The New York TimesNov 30, 2019 10:26:14 IST
Blue whales have a flair for paradox. They live in water but breathe air. They’re enormous — the biggest creatures that have ever lived, as far as anyone knows — but subsist almost entirely on tiny krill.
And as new research reveals, even the animal’s dunk tank-size heart jumps between extremes. In a study published Monday in the Proceedings of the National Academy of Sciences, a team of researchers for the first time attached an electrocardiogram tag to a free-diving blue whale to trace its heart rate.

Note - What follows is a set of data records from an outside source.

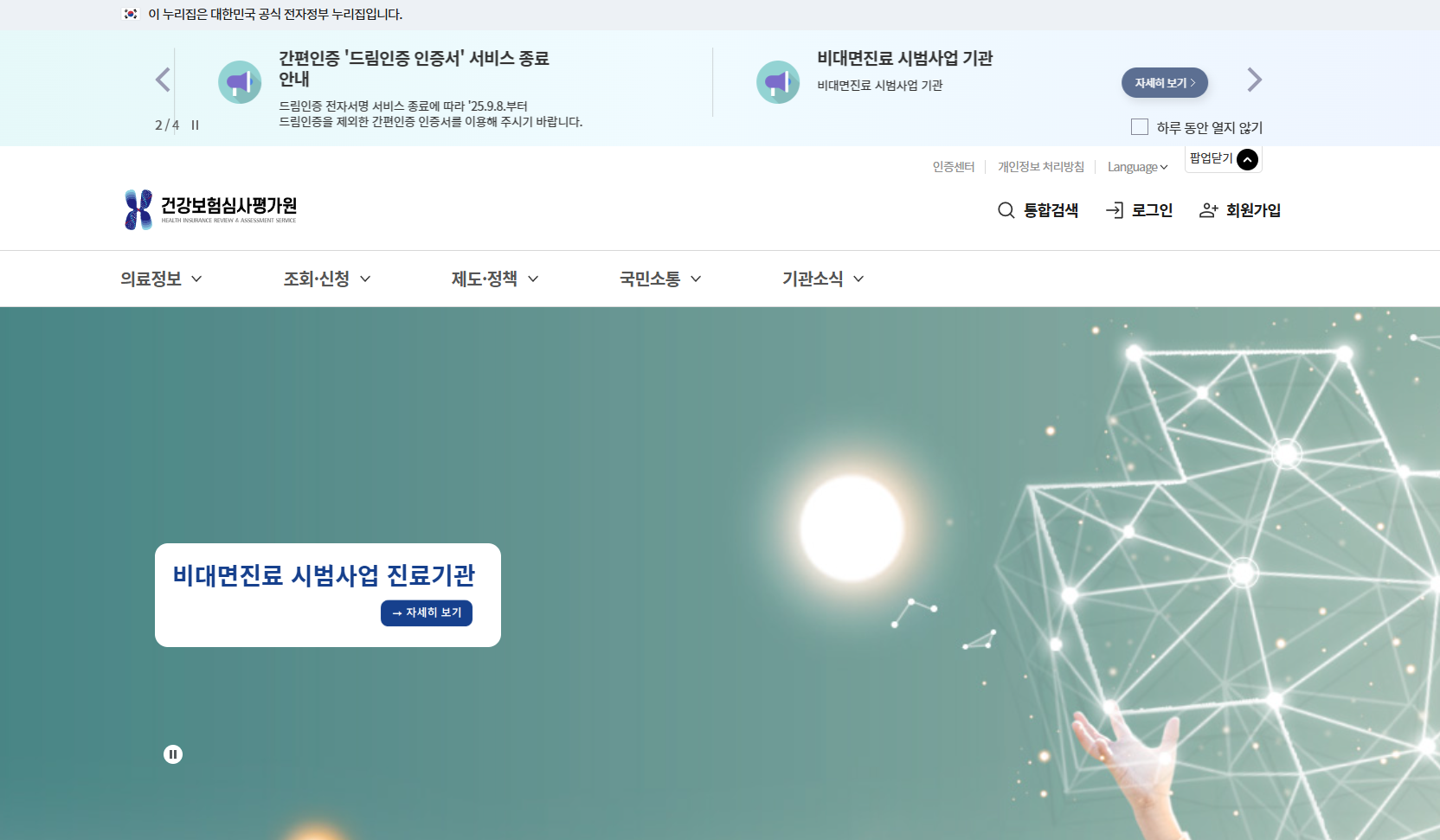 건강보험 심사평가원 홈페이지 로딩중 SCROLL DOWN 다양한 의료정보 서비스를 이용하세요. 요양기관업무포털 요양기관 업무포털시스템은 진료비 청구와 관련된 각종 정보 제공과 심사진행과정 및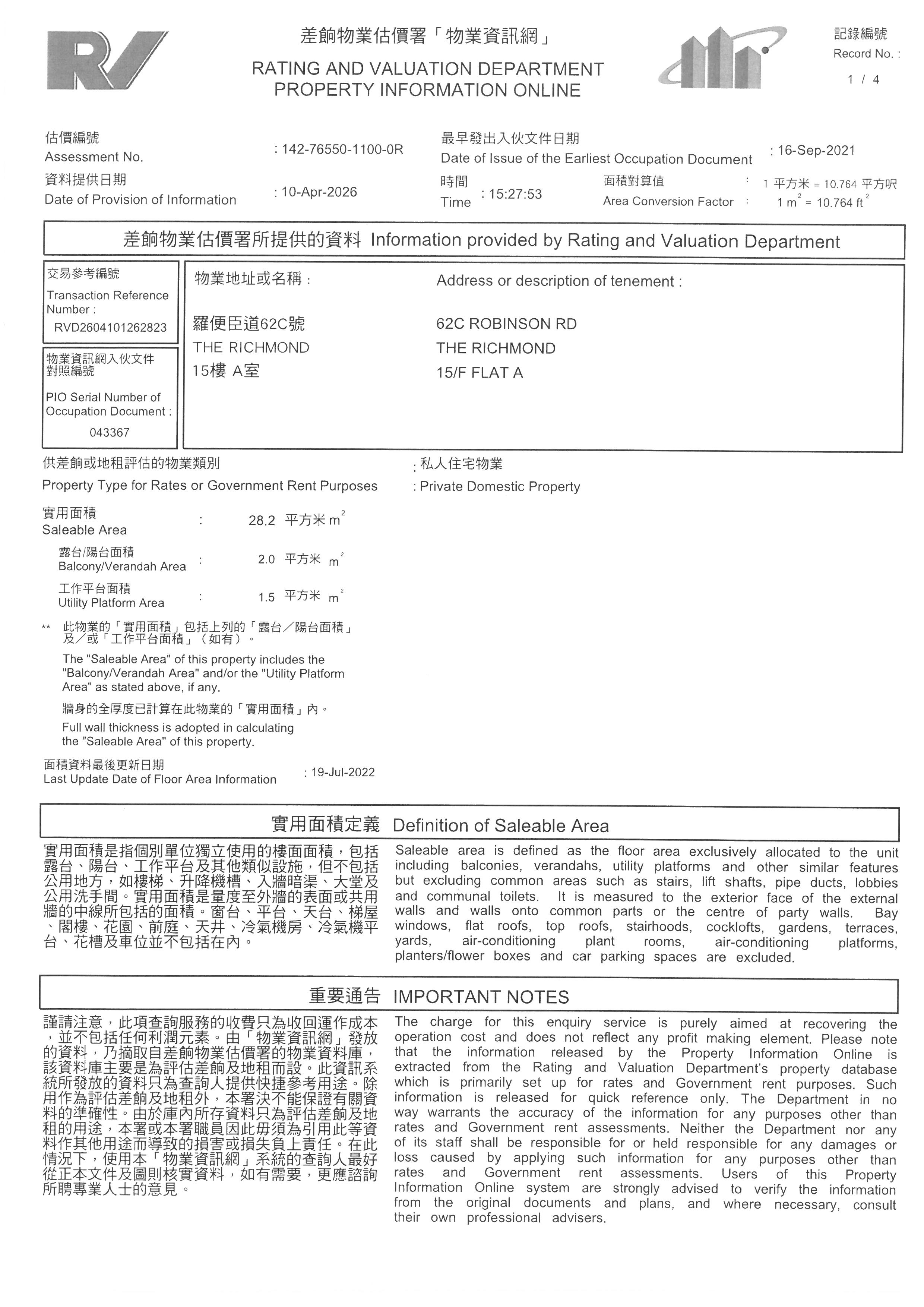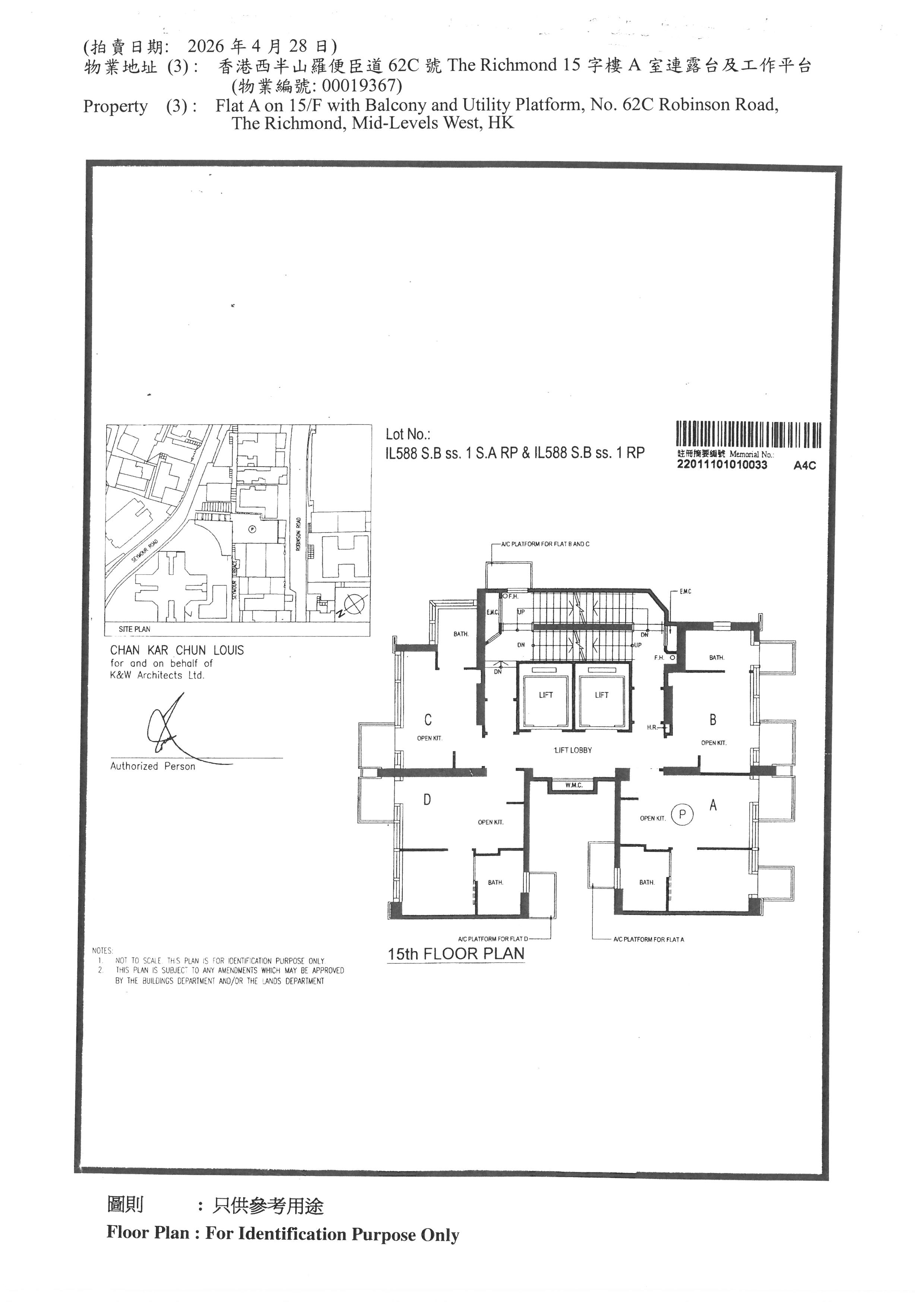 香港西半山羅便臣道62C號The Richmond 15字樓A室連露台及工作平台 (物業編號: 00019367)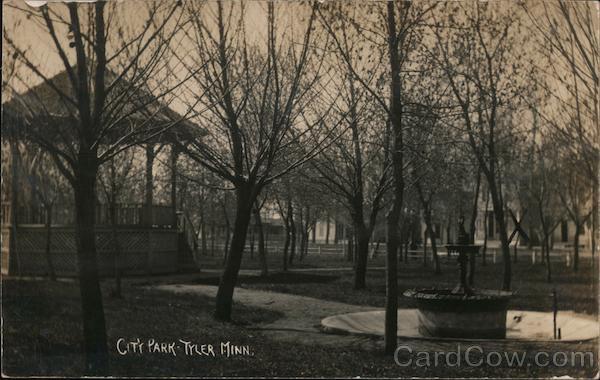 Front: amds CITY PARK TYLER MINN Back: POST CARD A 2 0 A PLACE STAMP o HERE A Az O NAME AND ADDRESS HERE CORRESPONDENCE HERE hoa th the a errts ae tro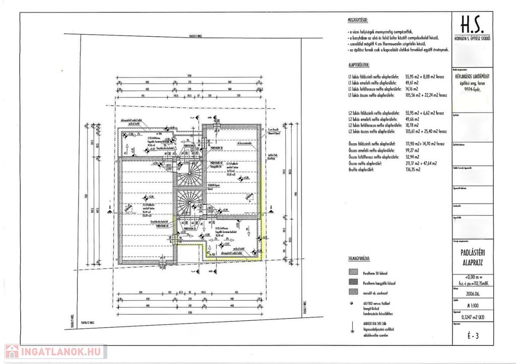 A 137,54 m² lakótérhez 6,62 m² földszinti terasz és 18,78 m² tetőterasz tartozik.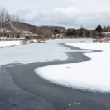 2月中旬。今年は雪が少ないとはいえ、山には雪が積もっています。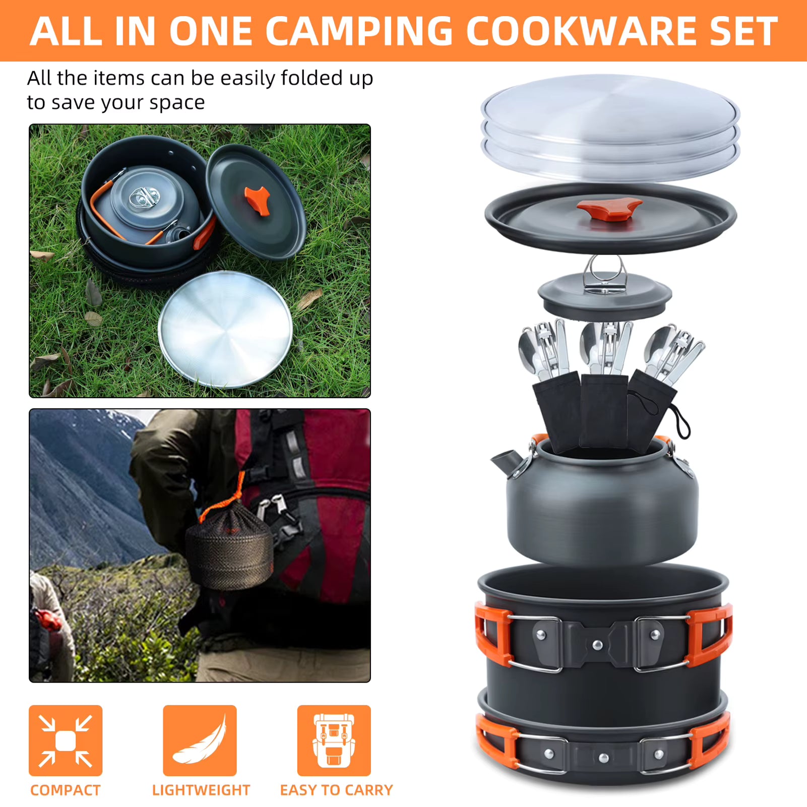 Compact, stackable and ready for the trail — this all-in-one camping cookware set gives two people everything they need to cook and eat outdoors: frying pan, soup pot, kettle and a full set of foldable cutlery plus plates. Lightweight, nestable and built for backpacking stoves or campfires.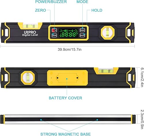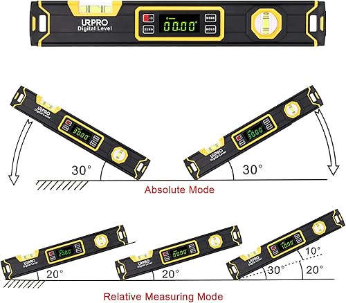 URPRO Neigungsmesser, digitales Torpedo-Niveau und Winkelmesser Neodym-V-Groove-Magnete Helles LCD-Display Smart Level IP54 staub-/wasserdicht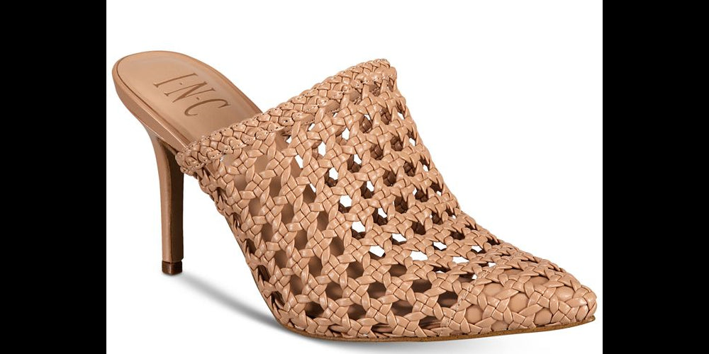 3-1/4 stiletto heel| Pointed-toe slip-on mules| Allover woven details at upper

They found that the rate ranged as low as two beats per minute and as high as 37. Such numbers paint a picture of an animal frequently pushing its own limits and suggest that the whale is not only the largest animal ever but perhaps as large as an animal with a circulatory system can possibly be.
To learn the secrets of the blue whale’s heart, Jeremy Goldbogen, a marine biologist at Stanford University, led a team that attached a noninvasive suction-cup tag to a blue whale in Monterey Bay, California. The tag contains electrodes, a depth measurement sensor and a GPS tracker. It stayed on for 8 and a half hours and recorded data from a number of dives before it detached and floated to the surface. The researchers then tracked it down and reviewed its readings.
Such tags are part of a suite of technologies that make it easier for researchers to study the lives of whales without disturbing them too much. When the tags are attached, a whale likely just feels something akin to a tap on the shoulder, Goldbogen has said.
The data showed that when this whale descended, its heart rate plummeted, too. At the bottom of the dives, the whale’s heart rate hovered around four to eight beats per minute. At times, it fell all the way down to two.
In general, sticking to a slow rhythm while diving lets marine mammals conserve oxygen, so they can stay underwater for longer. But this is “just amazingly low” — far lower than the 11 beats per minute scientists had predicted, said Goldbogen. And it stays down around 8.5 beats per minute even when the whales are feeding, an energy-intensive process that involves lunging into clouds of krill.
Goldbogen credits the blue whale’s flexible aortic arch, which is able to hold about 90% of the animals’ blood and slowly release it even when the heart isn’t actively beating.
As a whale climbs back to the surface, its heart rate rises again. By the time it reaches the surface, its blood is moving much more quickly, reoxygenising in preparation for the next dive. This whale’s heart rate reached a peak of 37 beats per minute.
“That’s about as fast as that heart can physically beat,” Goldbogen said.
These rapid shifts happen quite quickly — sometimes within the span of a minute or two — and repeat often. It’s sort of like if you tried moving from a comfortable recliner straight into a set of wind sprints over and over again. “They’re doing this all day long,” said Goldbogen.
The blue whale’s heart still keeps some secrets.
“It would be interesting to know how the whale nervous system controls such rapid changes in heart rate,” said Travis Horton, an associate professor at the University of Canterbury in Christchurch, New Zealand, who was not involved in the study but has undertaken his own investigations of humpback whale heart rates using drones and infrared light.
And Goldbogen and his team hope to plumb other unfathomed depths. “Sperm whales, beaked whales — some of those species can dive for an hour or more,” he said. “We would like to understand what their hearts are doing.”